A five-judge bench of the Supreme Court started hearing arguments yesterday (21 April) on the validity of the constitutional amendment and supporting law that replaces a collegium, whose members are only from the judiciary, to appoint and transfer judges of high courts and the Supreme Court of India. The new laws mandate the creation of a National Judicial Appointments Commission (NJAC) whose members are a mix of judiciary and executive.
Given that this law under constitutional review radically changes the way in which the judiciary in our constitutional courts will be appointed (and transferred) and, therefore, has an impact spanning decades, the ongoing hearing is extremely critical.
However, what has delayed the exchange of arguments on this landmark juncture is a conflict of interest roadblock. Senior advocate Fali Nariman, who is appearing on behalf of the Supreme Court Advocates on Record Association, which is challenging the NJAC law, had last week circulated a note raising an objection to Justice Anil Dave being on the bench hearing the matter while already being an ex-officio member of the NJAC.

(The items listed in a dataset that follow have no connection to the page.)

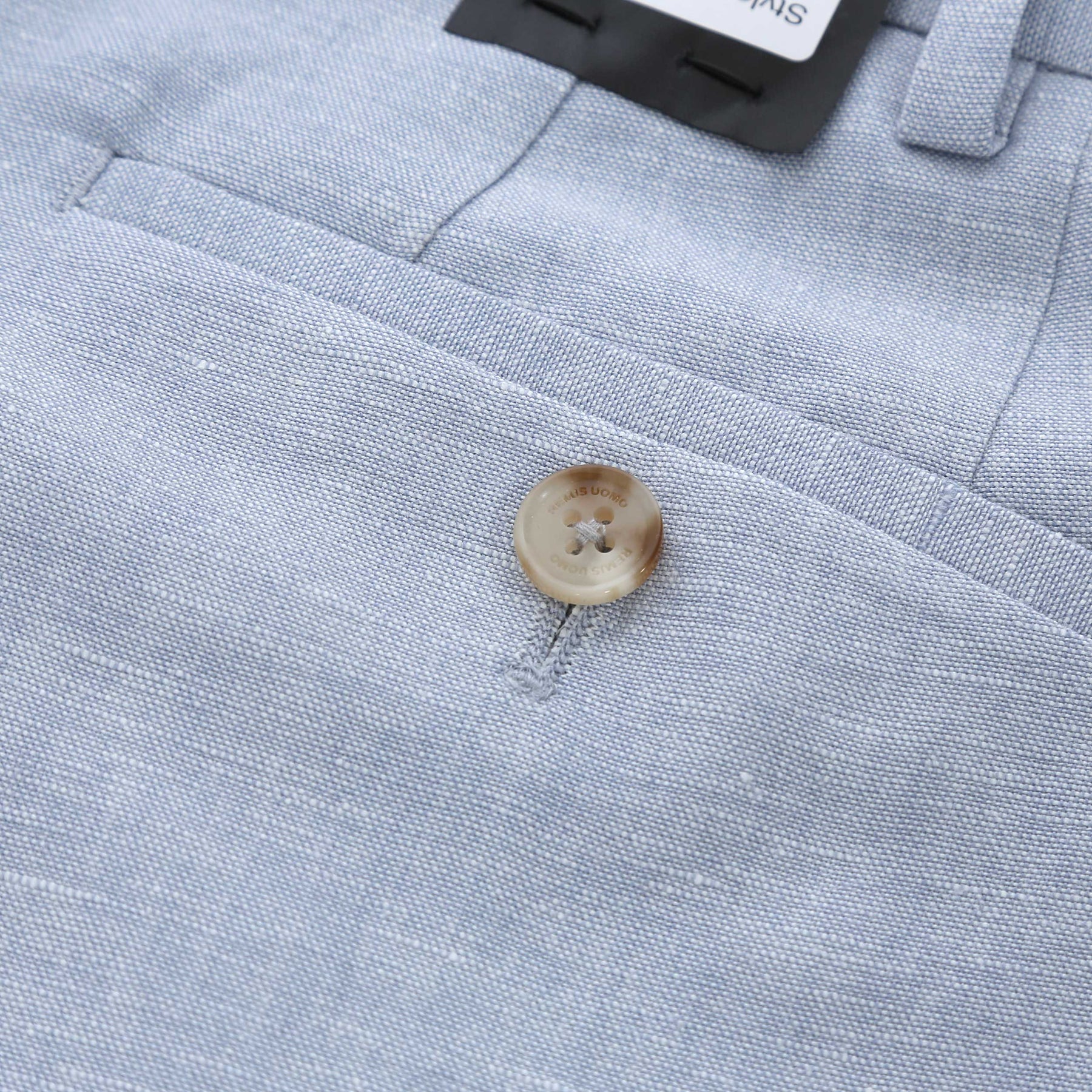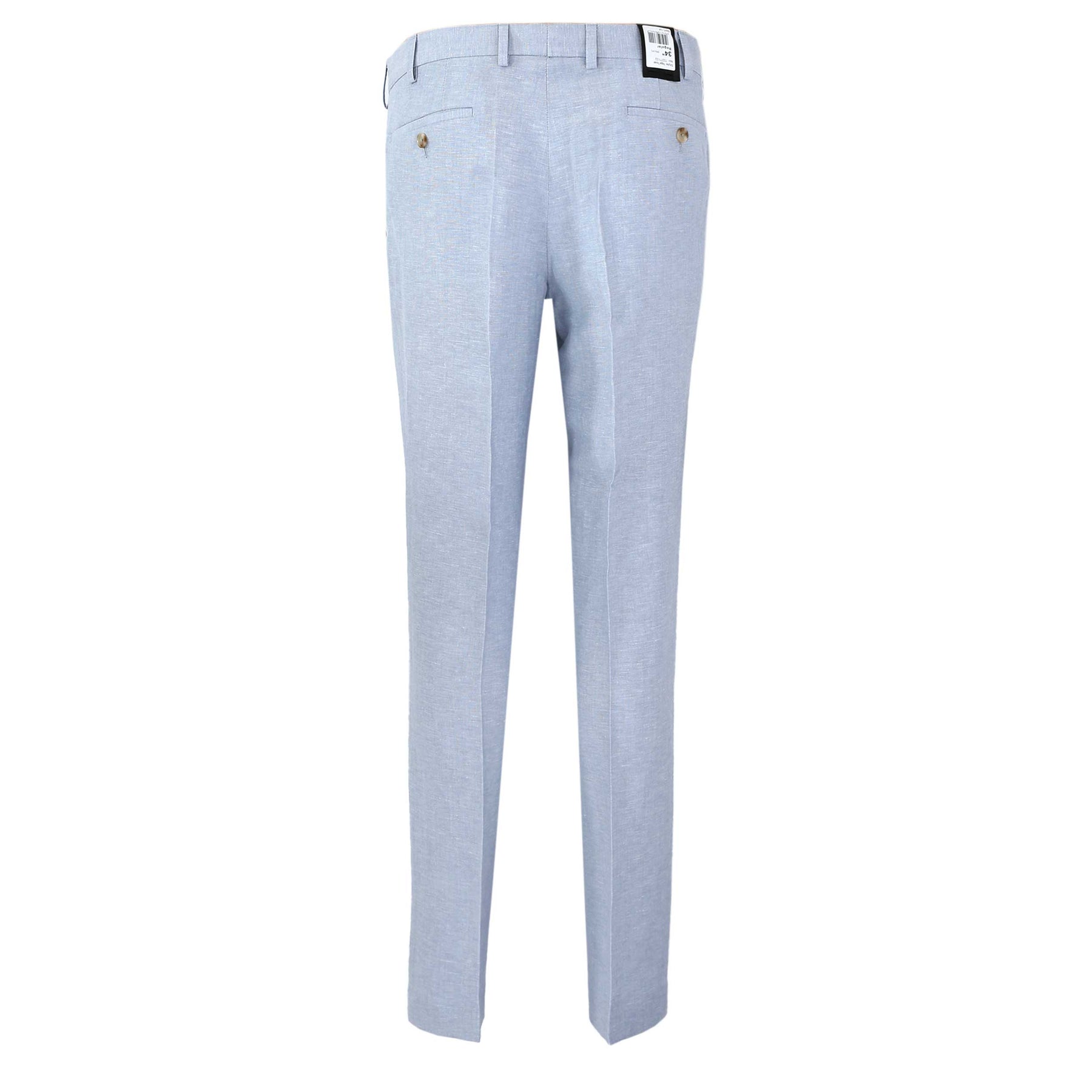 Remus Uomo Peppe Trouser in Sky Blue. Crafted by Remus Uomo, these linen mix trousers feature a zip and hook fastening at the waistband for a secure and tailored fit. With two stylish slash pockets on the sides and button fastening pockets at the back, you have all the space you need for your essentials without compromising on style.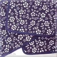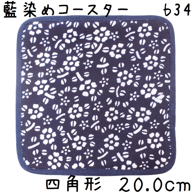 藍染生地を使用して作った、正方形のコースターです。 約20cmの正方形で、ヤカンが置ける大きめサイズのコースターです。 しっかりした裏地も付いた丈夫な作りですよ。 →同じ柄の藍染生地 藍色34「花絨毯」も販売しています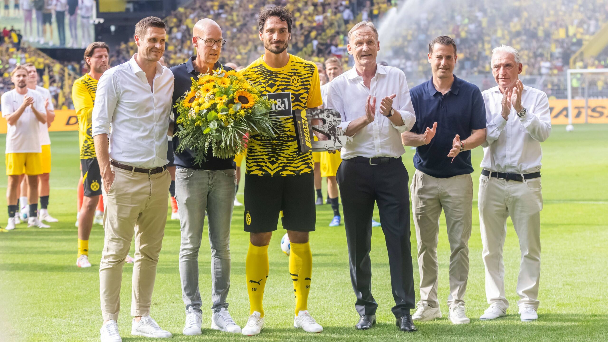 Bislang hatte sich noch keine Gelegenheit geboten, Hummels in Dortmund auf großer Bühne zu verabschieden. Anders als die andere Vereinslegende Marco Reus, dessen Abschied vom BVB im Sommer 2024 bereits vor Saisonende verkündet worden war, hatte sich die Zukunft von Hummels damals erst nach dem verlorenen Champions-League-Finale gegen Real Madrid entschieden.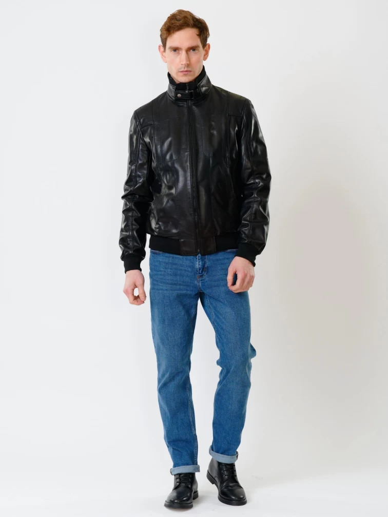 Товар кожаная куртка бомбер мужская премиум класса 521, черная, размер 48, артикул 28550 выполнен из натуральной кожи с застежкой молния. Рассчитан на сезон: весна-лето. Длина изделия 69 см, силуэт свободный.
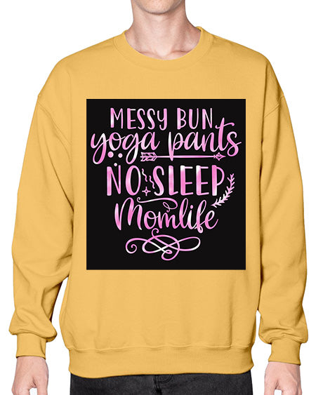 Messy bun yoga pants no sleep momlife 424# - yoga - Crew Note: There is a 2 - 4 day creation time, which may delay shipping. Details- Preshrunk fleece knit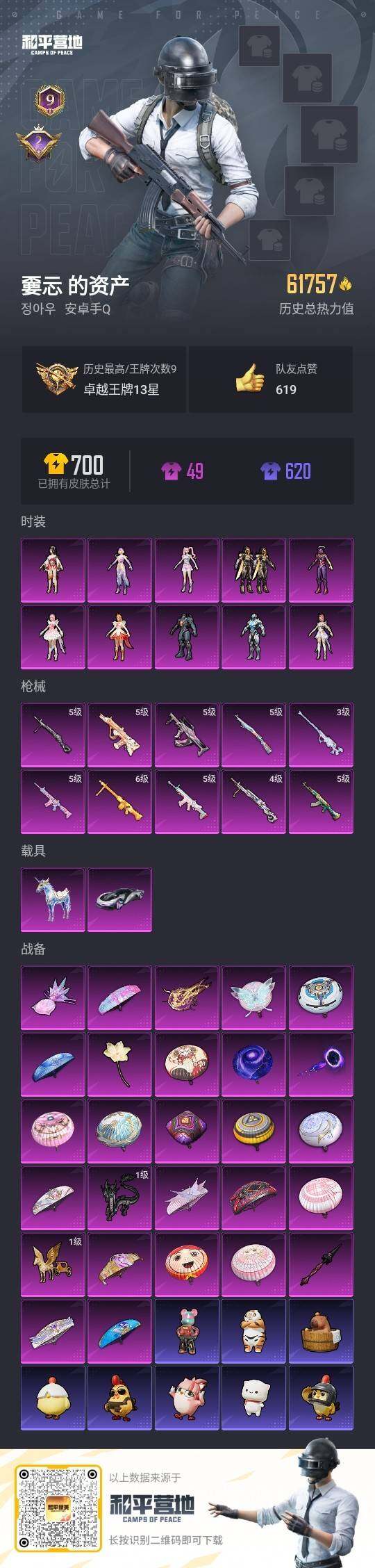 - [12685187]安卓 手Q-2粉装-3特效枪-1载具-1粉色飞行器-1.5w热力值-2王牌印记-29套装-42枪皮【粉色载具】:阿斯顿马丁DBS(红)【粉色套装】:粉装-花间之火,粉装-蜜桃特工【粉色枪皮等级】:M416-心之恋语(四级),M762-甜蜜誓约(四级),Kar98K-巳巳如意(一级)【粉色飞行器】:甜蜜誓约飞行器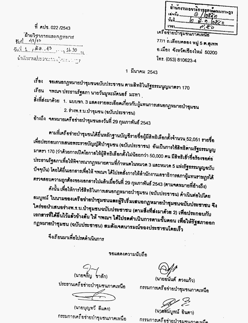 การพิจารณาร่างพระราชบัญญัติป่าชุมชน พ.ศ. .... (ค้างอยู่ระหว่างการพิจารณาของคณะกรรมาธิการของสภาผู้แทนราษฎรชุดที่แล้ว)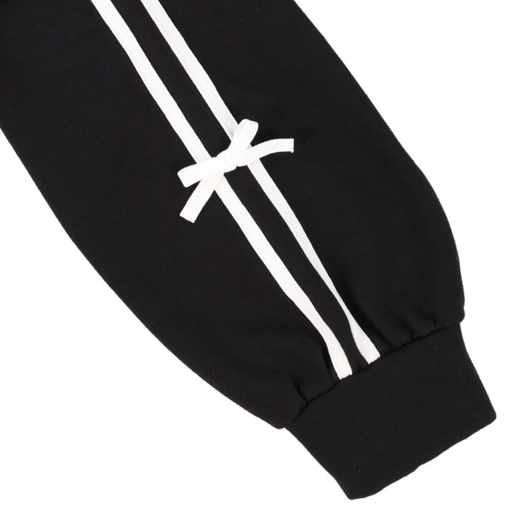 スポーティーさの中にサイドのリボンラインでガーリーさをプラスしたデザインは、1枚で主役になる可愛さです。
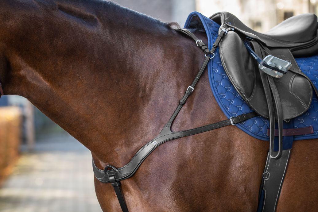 - 4 or 5 attachment points: 2 at saddle rings – 2 at girth straps – 1 removable under girth (to change the breastplate into a breast collar)

Nariman stated that "it would be appropriate if it is declared at the outset" that Justice Dave will take "no part whatsoever in the proceedings of NJAC". Although Nariman later stated that he didn't ask Justice Dave to recuse himself from hearing the legal challenge, his note was unequivocally clear that, firstly, there was a conflict of interest between his duties as an NJAC member and as a judge hearing a challenge to NJAC and, therefore, secondly, that Justice Dave should decide between the two duties.
Immediately after the circulation of the note, Justice Dave recused himself from hearing the case. Thereafter, the Chief Justice of India assigned another senior judge, Justice JS Khehar, to head the five-judge Bench. This resulted in an objection from some petitioners to Justice JS Khehar being on the bench given that he was a member of the collegium and is a future CJI.
This has, therefore, led to a situation where the five-Judge Bench will first decide who among them can hear this challenge (i.e., the conflict of interest issue) before examining the constitutionality of the NJAC law. In a sense, this has added one more level to cross before actual arguments on why the NJAC system should stay or go commence.
In addition to using up the valuable time of all five judges who would be hearing this conflict of interest issue, objections to certain judges hearing the NJAC case are indicative of a pattern that puts us on a slippery slope.
Indeed, to be sure, there are several situations where judges can be considered to have a conflict of interest in a case before them. For example, if a judge's close relative is a lawyer representing one of the parties in a case before him, that would be a clear case of conflict of interest.
In this situation, it isn't as if Justice Dave or Justice Khehar are stockholders in a company whose fate is being determined by them in a case before them. What really is alleged to be in conflict is a judge's statutory duty as is mandated in the NJAC law.
Under Article 124A to the Constitution (which was inserted through the recent constitutional amendment), the members of the NJAC who come from the judiciary are the Chief Justice of India and two other senior judges of the Supreme Court next to the CJI. These three judges are ex-officio members of the NJAC, ie, by virtue of the office they hold. The law, therefore, mandates that these three judges be members of the NJAC. It isn't as if a judge voluntarily opts to be a part of the NJAC thereby giving rise to a theoretical 'interest' that can be in conflict.
Therefore, what Nariman and others objecting to the presence of the two judges have done is to doubt the ability of those judges to hear the constitutional challenge to the NJAC impartially and objectively just because they are mandated under law to be members of the NJAC. Those opposing the presence of certain judges on the bench have, however unwittingly, brought down a constitutional duty of a judge to the level of a self-interest which can be in conflict and which would, therefore, necessitate a judge to step down.
In the recent past, in the Teesta Setalvad anticipatory bail case, counsels supporting Teesta argued that a judge initially hearing the case should recuse himself because PM Modi was invited to his son's wedding. To portray social conviviality between members of the judiciary and executive into a conflict is a bit rich.
Worse, though, is to say that judges of the highest court of our land cannot discharge two statutory and constitutional functions without bias. In the past, it was the SC itself which shifted the power of appointment and transfer of judges from the executive to itself (through the formation of the three--member collegium that operated until the NJAC law was passed).
Hopefully, the SC will not waste a lot of valuable time on the conflict-that-wasn't and quickly get to whether the Centre and Parliament's bold attempt to infuse balance and transparency in how upholders of rule of law are selected passes the constitutional tests.